Friday, December 14, 2007

Fine. I'm a Secular Progressive.

I've been trying to keep my mouth shut. It hadn't been all that hard, as I haven't been blogging about much of anything lately, but it's been getting harder.

Ted Strickland ordered a religious display be put back up at two state parks after local officials had taken them down in deference to citizens who were unhappy with government initiated religious activity, particularly activity that implied a religious preference for Christ-Worship*.

The reaction from the Ohio blogosphere has been something other than what one may expect. The right-wing sites have apparently been largely silent. More surprisingly, Plunderbund, a left wing site that is generally, if anything, more adamant on church/state issues than I am, has been silent on the matter. The lone voice has been Jerid at BSB, who has been taunting the righties with Ted's surprise co-opting of their pet issue. It seems that this is a brilliant political move for a Democrat to make.

I have long argued that meta-awareness of politics hurts the internet-based activist community.
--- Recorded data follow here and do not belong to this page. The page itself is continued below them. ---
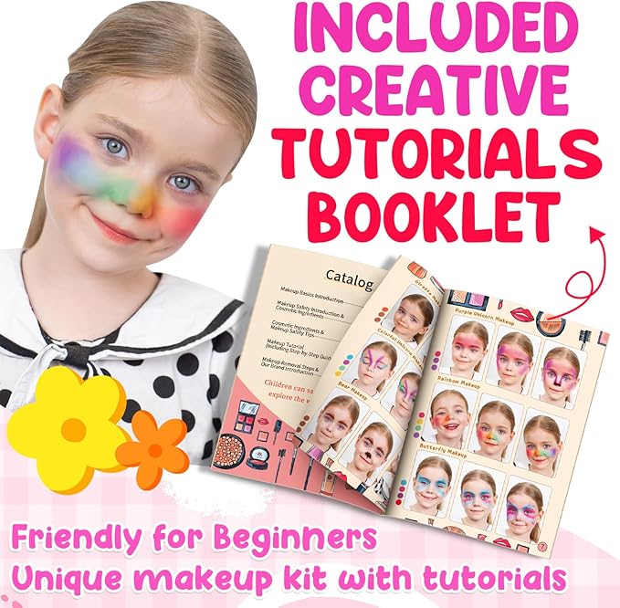 • 【Easy to Store & Mess-free Makeup】: This is a compact pink makeup set for girls, all the items come packed in a neat carrying case for easy storage. There are fixed colors in the cosmetic case, children can see all the colors at a glance so that they can choose favourite color, and it's not easy to lose and avoid breaking during carrying
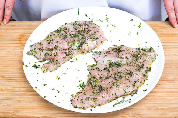 In der Zwischenzeit das Hähnchen mit etwas Küchenkrepp trocken tupfen. Das Fleisch zwischen Klarsichtfolie legen und mit einem Fleischklopfer oder dem Boden eines schweren Topfes ca. 1–2cm dünn klopfen. Mit 1–2EL Olivenöl, Estragon, Salz und Pfeffer einreiben.
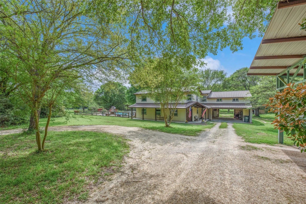 Your country retreat awaits! Situated on over 5 acres, this country home provides a peaceful and tranquil escape. With 5 bedrooms, 3 full bathrooms, 2 half baths and a large upstairs flex space, this home can accommodate large gatherings of friends and family. The kitchen features Thermador appliances (stove top, double oven & dishwasher), a hammered double-basin copper farmhouse sink, Southern Living custom wood cabinetry, Tiger eye granite counter tops with room for counter seating and a built-in Miele refrigerator truly making this kitchen the heart of the home. The well-sized dining room has a picturesque view of the in-ground pool and deck. the primary bedroom is located on the first floor with en-suite. The en-suite features a rustic rock wall and has a separate water closet, dual sinks, walk-in shower with dual shower heads & a large soaker tub. There are several out-buildings located on the property which can be used for storage or converted for use as a shop or for animals.

My argument goes like this: Erstwhile progressive politician does something that pisses off progressives, say voting against Habeas Corpus. Progressive on-line community says, "yeah, that sucks, but he's just making a political choice, and deciding that angry progressives pose less of a threat to his election chances than do terrorfied independents... It's important to me that he gets elected, so I can't get too mad..." at which point the candidate should realize that it can never, ever be in his best interest to vote the progressive position. Pandering has NO DOWNSIDE if nobody gets upset when he does it, and he gets more votes for doing it.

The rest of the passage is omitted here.